18. Subsequent Events

On January 22, 2018, the Company announced that it had received commitments for a private placement of 58,780,619 fully paid CDIs of the Company (representing 1,175,612 shares of common stock) at an issue price of A$0.035 per CDI to sophisticated and professional investors in Australia, the United States and the United Kingdom, consisting of U.S. and non-U.S. persons (as defined in Regulation S (“Regulation S”) of the Securities Act of 1933 (the “Securities Act”)) to raise up to approximately $1.62 million (the “2018 Placement”). The issue of CDIs under the 2018 Placement occurred in two tranches.
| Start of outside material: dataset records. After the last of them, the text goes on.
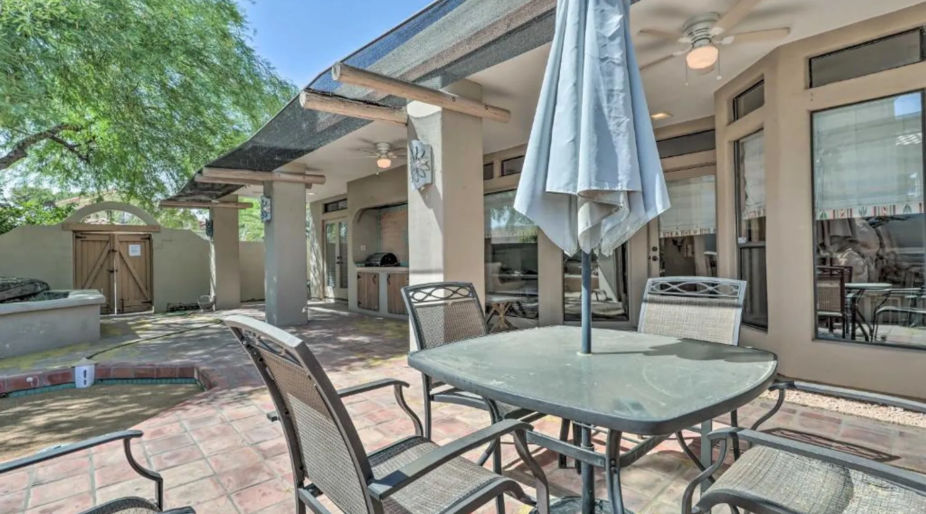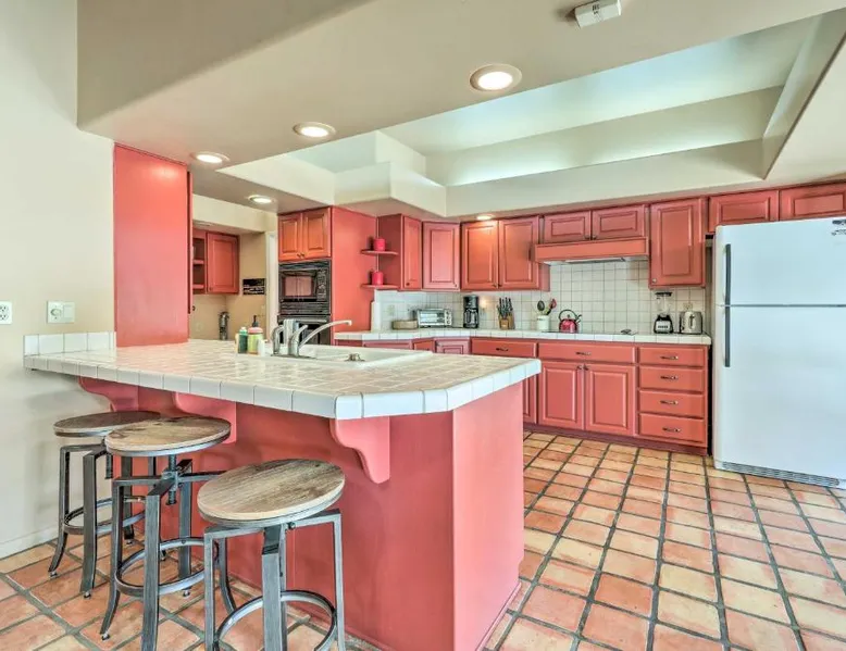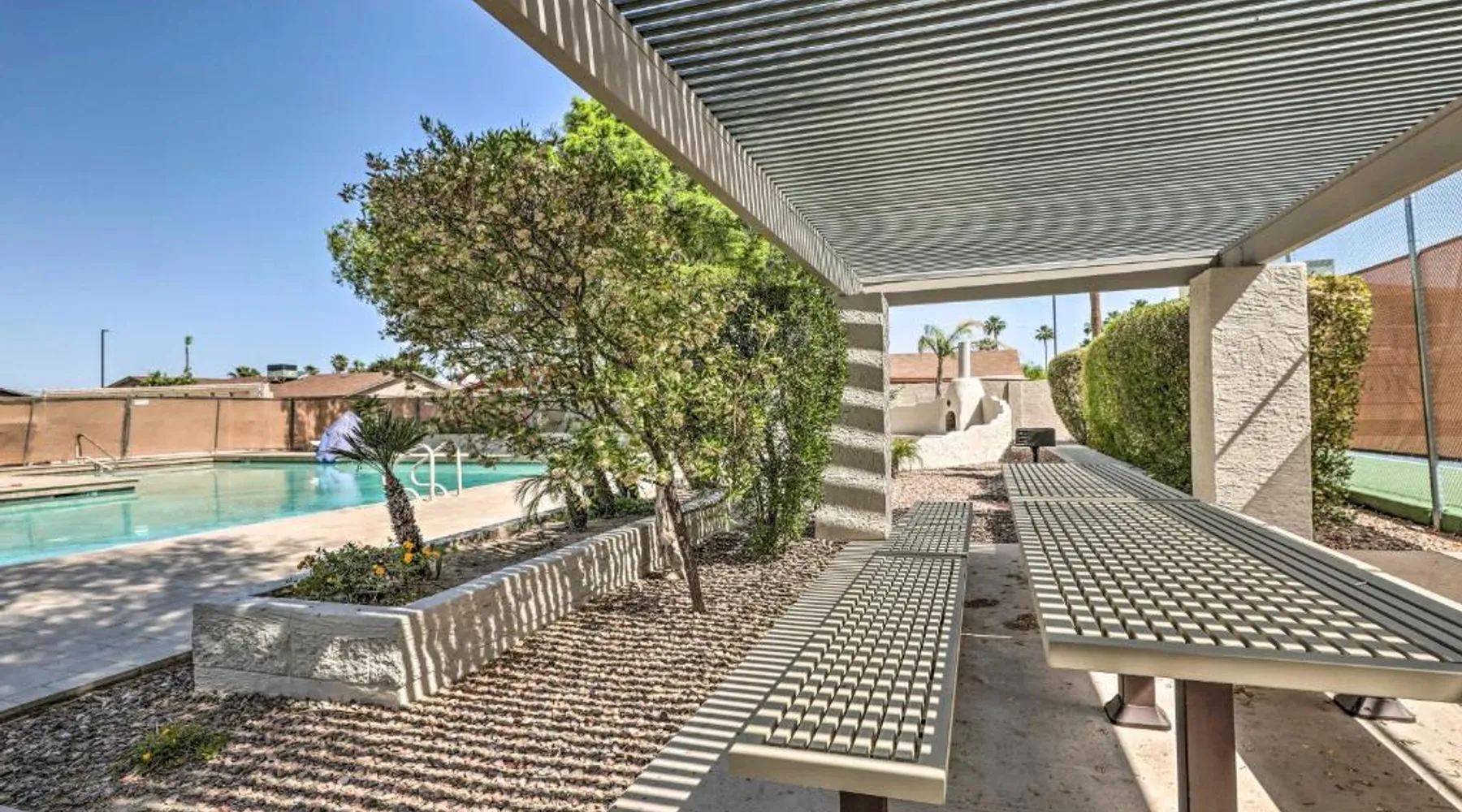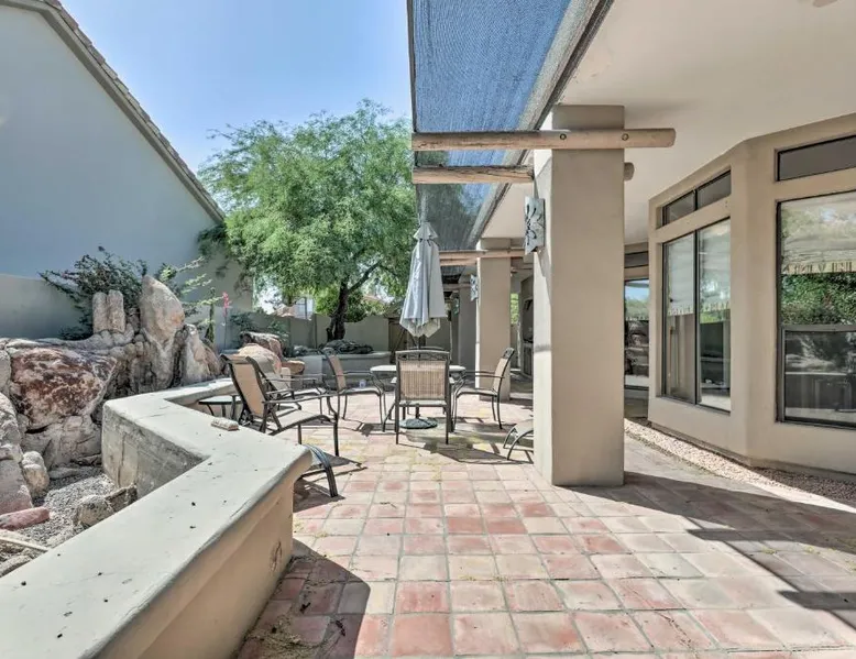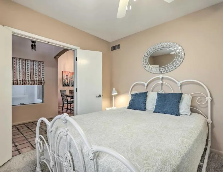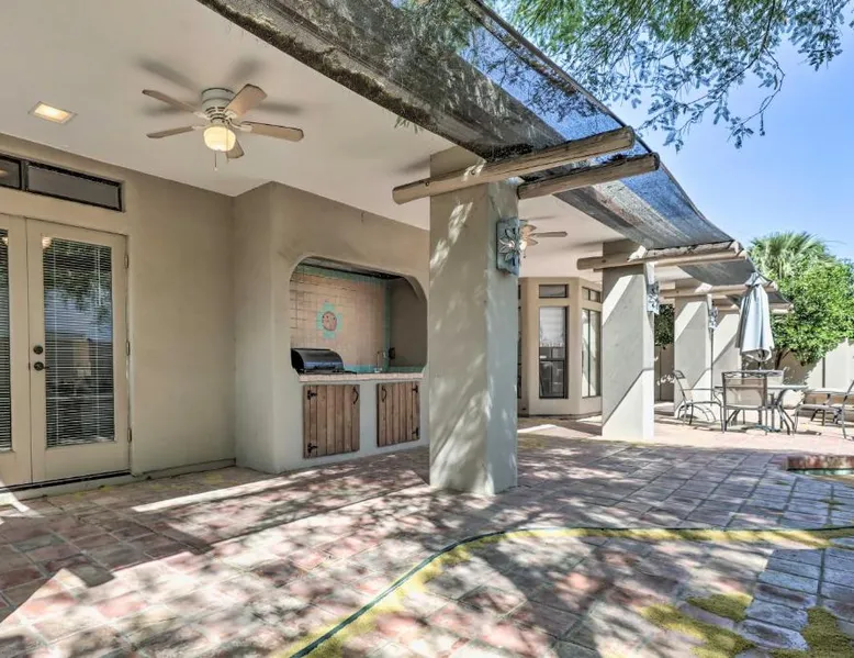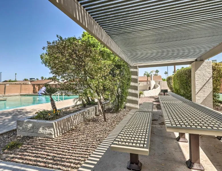 Spacious Holiday Home in Mesa: Community Pool Pueblo Home Near Downtown Mesa offers a spacious setting with three bedrooms and two bathrooms. The ground-floor unit features a private entrance and a fully equipped kitchen. Relaxing Facilities: Guests can enjoy a spa and wellness center, an outdoor swimming pool, and free WiFi. Additional amenities include air-conditioning, a washing machine, and a fireplace. Convenient Location: Located 11 mi from Phenix Sky Harbor International Airport, the property is near attractions such as Sea Life Arizona (5.6 mi) and Phenix Zoo (9.3 mi). Highly rated by guests. This holiday home features a fireplace. Boasting a private entrance, this air-conditioned holiday home features 1 living room, 3 separate bedrooms and 2 bathrooms with a bath and a shower. Guests will find a stovetop, a refrigerator, a dishwasher and kitchenware in the kitchen. The holiday home also comes with a barbecue. The spacious holiday home features a washing machine, a coffee machine, a wardrobe, tumble dryer and a flat-screen TV with cable channels. The unit has 3 beds.
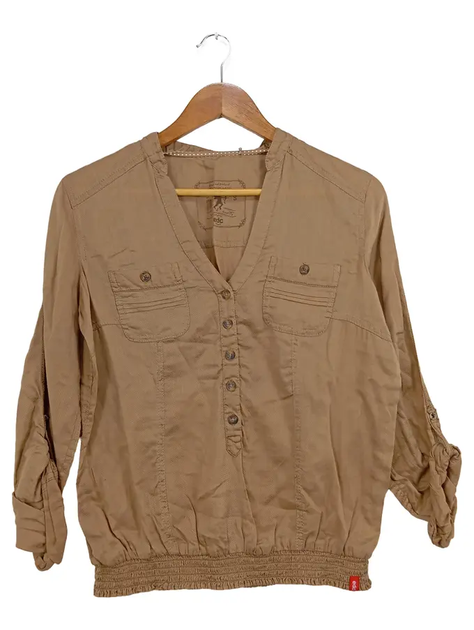 EDC Bluse 3/4-Arm Fischgrätenmuster Beige Baumwolle Gr. 36/S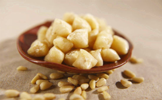 做法:先將白砂糖放入鍋中加少許水,用文火煎熬至粘稠,再加入松子仁,調(diào)勻。然后繼續(xù)煎熬,直至用鏟子挑起成絲狀,不粘手時(shí),停火,將糖倒在涂有食用油的盤中,待稍涼,將糖切成小塊,即可食用。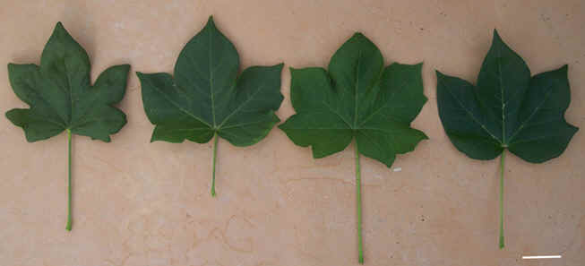 Blätter 5 - 10 cm lang, am Grund herzförmig, 3 - 5 - lappig, breiter als lang, 3 - 8 cm lang gestielt, oberseits sternhaarig, unterseits behaart und auf den Adern filzig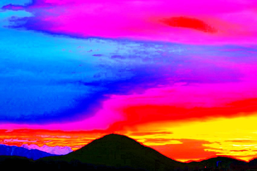 Красок не добавлял, просто сделал яркость, убрав пелену, ведь расстояние очень большое до гор и небес. Радужная окраска небес солнцем при восходе случается раз, два в месяц которую можно снять фотоаппаратом любителю. Красивый закат над морем появляется гораздо чаще.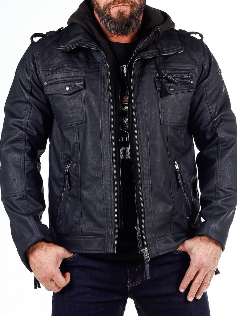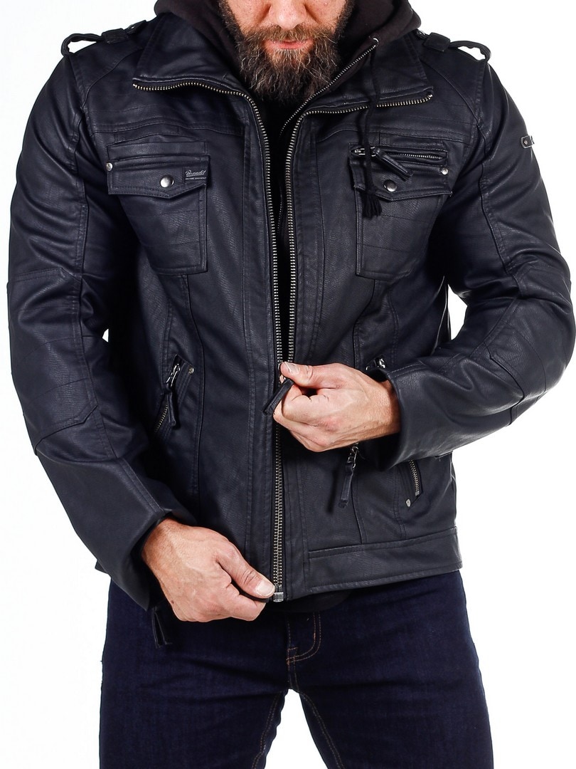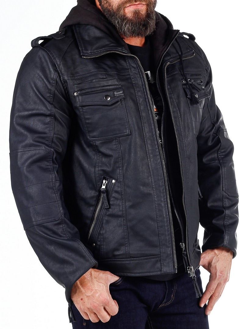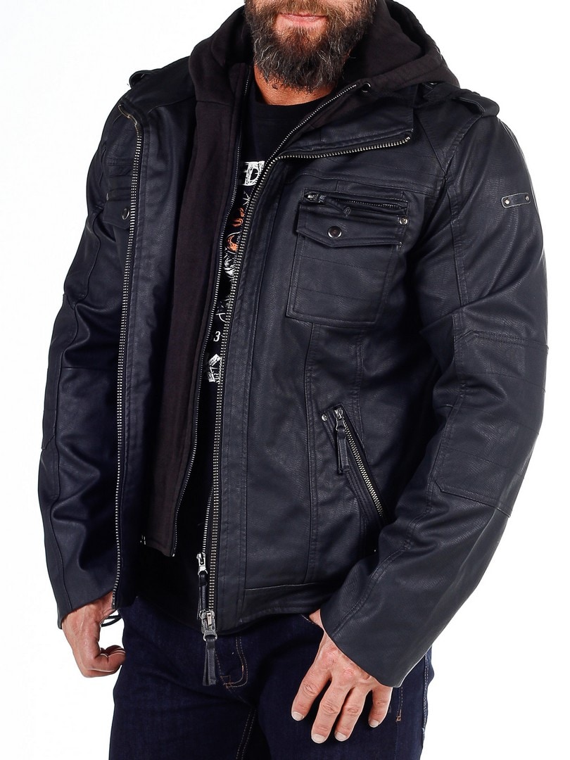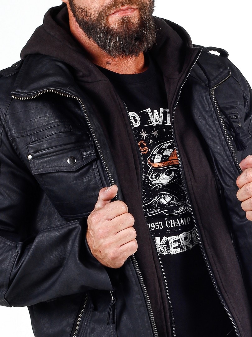 Jacka i svart skinnimitation med huva som enkelt tas av tack vare blixtlåsen. Tre bröstfickor, två stängs med tryckknappar och en med blixtlås och två rymliga fickor på magen. Jackan har en hög krage och stängs med blixtlås i silver. Snygga detaljer som sömmar, påsydda tygpartier på armbågar och hällar på axlarna.

The first tranche closed on January 22, 2018 (US EST), pursuant to which the Company issued 28,467,063 CDIs (representing 569,341 shares of common stock) resulting in gross proceeds of approximately $781 thousand.  The closing of the second tranche of the 2018 Placement, resulted in the raising of $830 thousand by the issue of 30,313,556 CDIs (606,271 shares), following stockholder approval at the adjourned Special Meeting of stockholders on February 27, 2018. Crystal Amber Fund, a related party and Board member, participated in the second tranche Placement, purchasing 27,391,756 CDIs and 2,921,800 CDIs, respectively.